The TFSA program was established in 2009 and allows individuals who are 18 years of age or older with a valid social insurance number to save money tax-free over their lifetime. Unlike RRSP contributions, contributions to a TFSA are not tax-deductible. However, any amount contributed and income earned in the account, including investment income and capital gains, is generally tax-free, even when withdrawn. It’s important to note that administrative fees, as well as interest or money borrowed to contribute to a TFSA, are not tax deductible.
To open a TFSA, you must contact your financial institution, credit union, or insurance company (issuer).
Note: Providing incorrect or incomplete information may result in the denial of registration, which would require any income earned to be reported on your income tax and benefit return.
There are three types of TFSAs offered, including deposits, annuity contracts, and arrangements in trust. Banks, insurance companies, credit unions, and trust companies can issue TFSAs.
● a deposit
● an annuity contract
● an arrangement in trust
Banks, insurance companies, credit unions and trust companies can all issue TFSAs. For more information about a certain type of TFSA, contact a TFSA issuer.
Individuals who prefer to manage their own investment portfolio by buying and selling different types of investments can set up a self-directed TFSA. For more information, contact a TFSA issuer.
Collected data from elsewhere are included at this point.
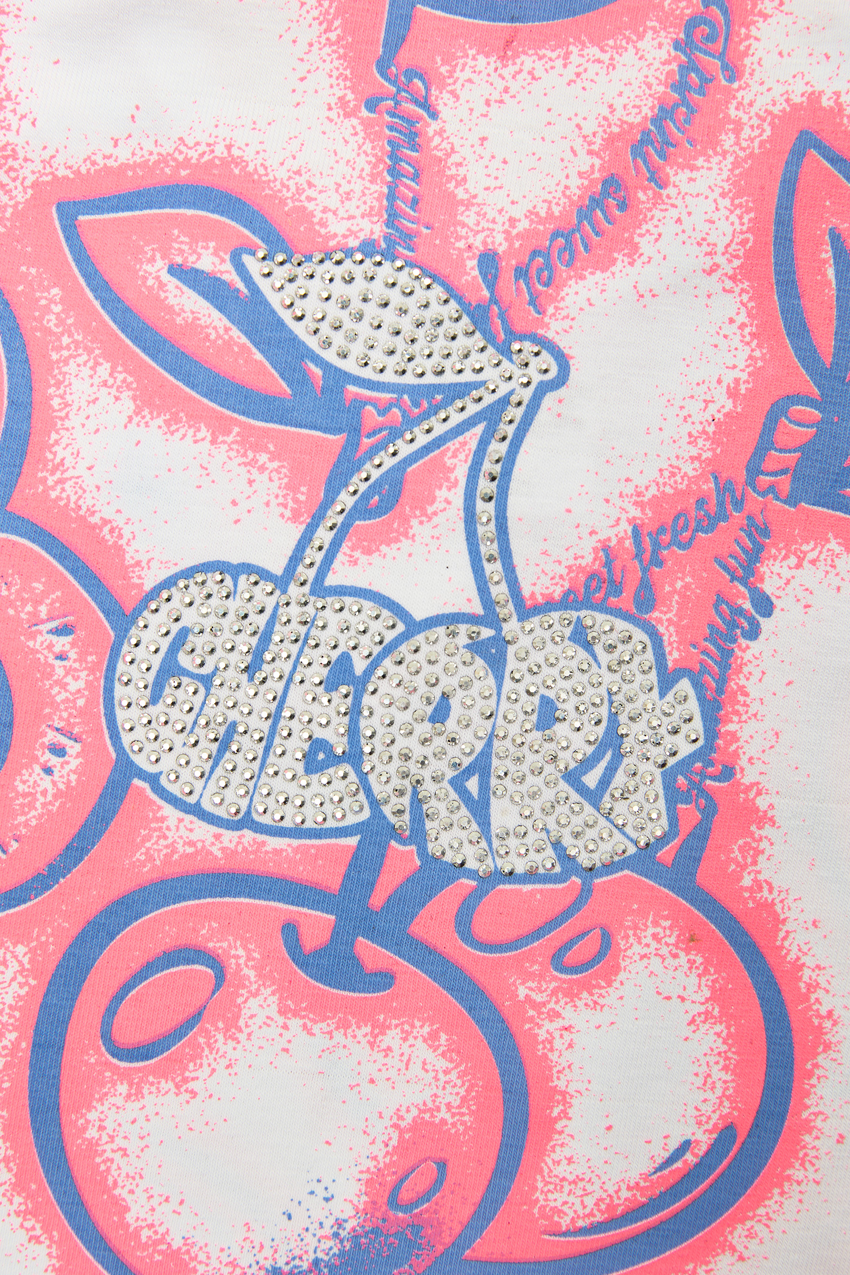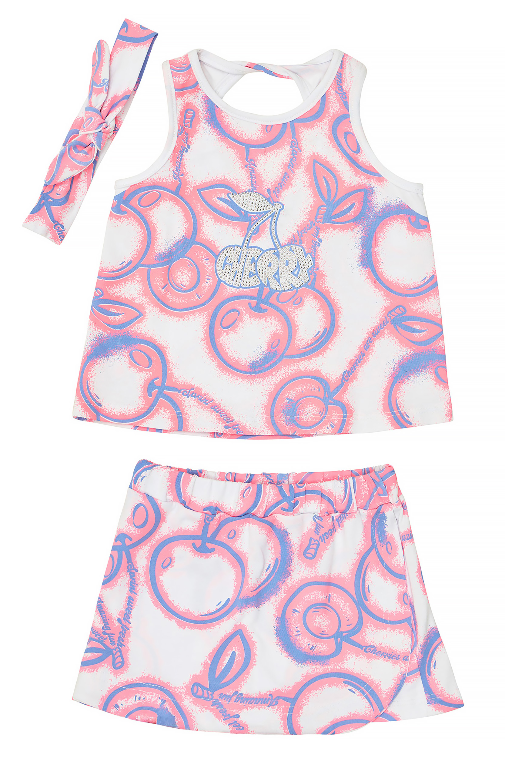- Children’s set of 2 pieces of lycra. Sleeveless blouse with all-over “Cherries” printed pattern and metal rhinestones with back opening. Headband accessory. Skort skirt with the same pattern and elastic waistband.
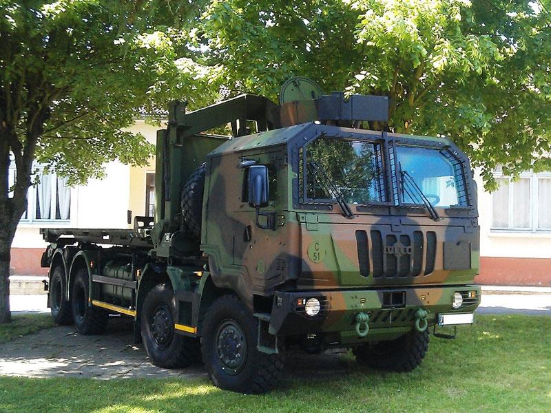 Both vehicles share the same chassis with 4 axle 8 wheel drive (8x8), ensuring on and off road mobility in all climatic conditions (for example on snow covered mountain roads). The logistic vehicle will feature an independent hook-lift body for load-handling operations, with a payload up to 19 tonnes, whilst the recovery vehicle will be supplied with a crane for recovering military vehicles.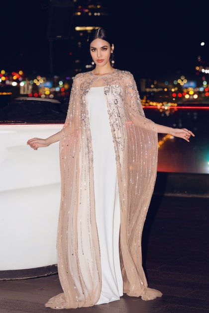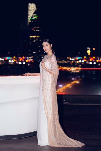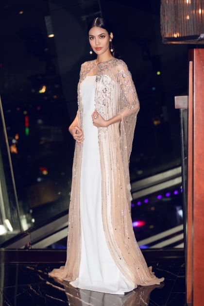 Đây là một sáng tạo mới nhất đến từ NTK Hà Thanh Huy. Cả hai đã cùng ngồi lại thảo luận để thống nhất ý tưởng cho sự xuất hiện lần này. Hà Thanh Huy bày tỏ anh muốn lột tả hết vẻ đẹp của người phụ nữ trong giai đoạn thai kỳ. Và không điều gì phù hợp hơn một chiếc áo choàng đính kết pha lê kết hợp với mẫu váy suông tối giản bên trong. Từng đường nét, họa tiết trên thân váy đều lấy cảm hứng từ cánh hoa bất tử được khéo léo cách điệu mang lại vẻ nhẹ nhàng, thanh thoát.

Any individual who is a resident of Canada, has a valid SIN, and is 18 years of age or older can open a TFSA. Non-residents of Canada who are 18 years of age or older and have a valid SIN can also open a TFSA. Contributions made by non-residents of Canada will be subject to a 1% tax for each month the contribution stays in the account.
You could be considered a non-resident for tax purposes if you normally, customarily, or routinely live in another country and are not considered a resident of Canada, or if you do not have residential ties in Canada and either live outside Canada throughout the tax year or stay in Canada for less than 183 days in the tax year. Even if you no longer live in Canada, you could have residential ties in Canada that are enough for you to be considered a factual or deemed resident of Canada. Residential ties include a home in Canada, a spouse or common-law partner or dependents in Canada, personal property in Canada such as a car or furniture, or social ties in Canada. Other ties that can be relevant include a Canadian driver’s license, Canadian bank accounts or credit cards.